Perhaps what has so incensed Indian observers of the Af-Pak issue is that India’s own halo has been shredded. A Deadly Triangle also reminds readers that Afghanistan was the only country that opposed Pakistan’s membership into the United Nations in 1947, and the mutual antipathy to Pakistan that Afghanistan and India shared pulled them together into a friendship treaty as natural allies by 1950. Furthermore, India did not enter Afghanistan for the first time after the NATO invasion in 2001; India was there even earlier to mitigate the effects of the mess caused by the US involvement during the Soviet invasion and its abrupt abandonment of Kabul soon after. Until 2001, it was Iran and India that sent supplies to the Northern Alliance under Ahmad Shah Massoud in their fight against the Pakistani-supported Taliban.
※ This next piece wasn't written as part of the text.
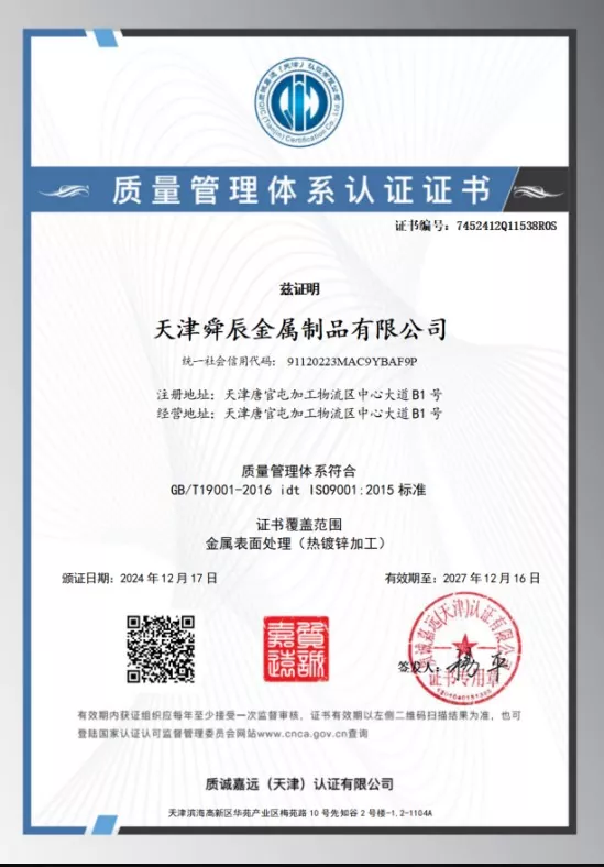 1. Proses teras: Proses penyaduran rendaman suhu tinggi, substrat pra dirawat dengan bantuan pencucian asid, penyahgaraman dan penyaduran, dan kemudian direndam dalam larutan zink cair. Lapisan zink diikat secara metalurgi pada substrat, dengan tahap lekatan 1; 2. Parameter utama: Ketebalan lapisan zink ≥ 85 μ m (konvensional), boleh disesuaikan kepada lebih 100 μ m untuk senario semburan garam tinggi, tiada kecacatan seperti penyaduran terlepas atau mengelupas pada permukaan, ujian rintangan semburan garam ≥ 500 jam; 3. Rawatan pengoptimuman: Ia boleh dilengkapi dengan proses pempasifan dan pemfosfan untuk meningkatkan rintangan kakisan dan rintangan haus keluli sudut tergalvani celup panas.

If the assertion that the violence in Afghanistan is not about Pakistan’s irrational hatred of India but has to do with the United States, then all problems ought to be solved as they leave next year. Only the naive would believe this. It is true that Dalrymple has underplayed the devastating effect of US and Saudi money on Afghanistan, Pakistan, and India. However, that money went to fuel an anti-Soviet campaign with the side effect of exacerbating Islamabad’s troubled relations with Delhi. US aid, as it has in so many other theatres, acted as a catalyst upon already existing animosities and left the place worse than before the aid was given. In this narrow sense, the US is responsible for the Af-Pak quagmire but not the underlying raison d’être.
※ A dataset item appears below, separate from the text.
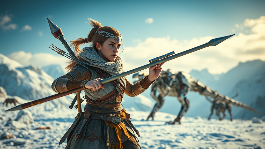 Aloy from Horizon Zero Dawn stands fiercely in the snowy Norse mountains, wielding her spear as she faces a robotic raptor. The scene is hyper-realistic, showcasing detailed features of Aloy’s face, eyes, hands, and arms. The robotic raptor is intricately designed, capturing its mechanical essence. The environment is brought to life with HDR, raytracing, and ultra-realistic rendering, using technologies like Octane render, UE5, and Autodesk 3D. The atmosphere is tense and immersive, accentuated by extreme detail and precision throughout the depiction, highlighting her powerful stance and the raptor's menacing presence.

It is also possible that what motivates such a wild reaction from India to Dalrymple’s essay is Delhi’s fear that they will yet again be left alone to pick up the pieces as the United States and NATO forces withdraw from Afghanistan by the end of 2014. With Iran occupied in its own imbroglio over nuclear weapons, this time around, India will have little help from elsewhere. Russia may be of passing assistance – after all, Kabul is in its backyard too – but the geopolitical price India will have to pay might be too high.

Unfortunately for South Block and its many media and blogosphere supporters, there is little India can do to prevent or delay a Western retreat. Only a massive Taliban surge might achieve that if only because of the US desire for yet another “decent interval,” but it is unlikely that the Taliban high command is that stupid – it would be much easier to fight a lonelier Karzai next year.

Would Afghanistan have looked different without US and Saudi beneficence? Probably, but that is one too many what-ifs to tackle – it was the Cold War, the Soviet Union had not yet gone the way of the dodo, and China had yet to rise. Pakistan has steadily attacked India’s small assets in Afghanistan. This has less to do with the Afghans than with India. A simple test would be to compare Pakistan’s obsession with Afghanistan and the Durand Line to its visceral hatred of its larger eastern neighbour. It would also be fruitful to compare the dollars spent and the blood spilled by Pakistan against purely Afghan interests to the same against India or Indian interests in Afghanistan.

It is difficult to understand the explosive reaction to Dalrymple’s essay. Contrary to the assertions critics have made, scholars like Dalrymple and Bruce Riedel have argued strenuously that it is Islamabad and its support of terrorism that is the root of all the problems in the region, including India, Afghanistan, nuclear, and Islamism. India’s role, unfortunately, is acting as the object of ditransitive Pakistani terrorism. In fact, I, for one, applaud what little mettle India has shown for strategic thinking in Afghanistan and would like to see more of it. Or as journalist Pierre Fitter tweeted, “All said and done, I’m hoping the Pashto and Dari classes in Delhi are seeing maximum attendance.”


A version of this post appeared on FirstPost on June 29, 2013.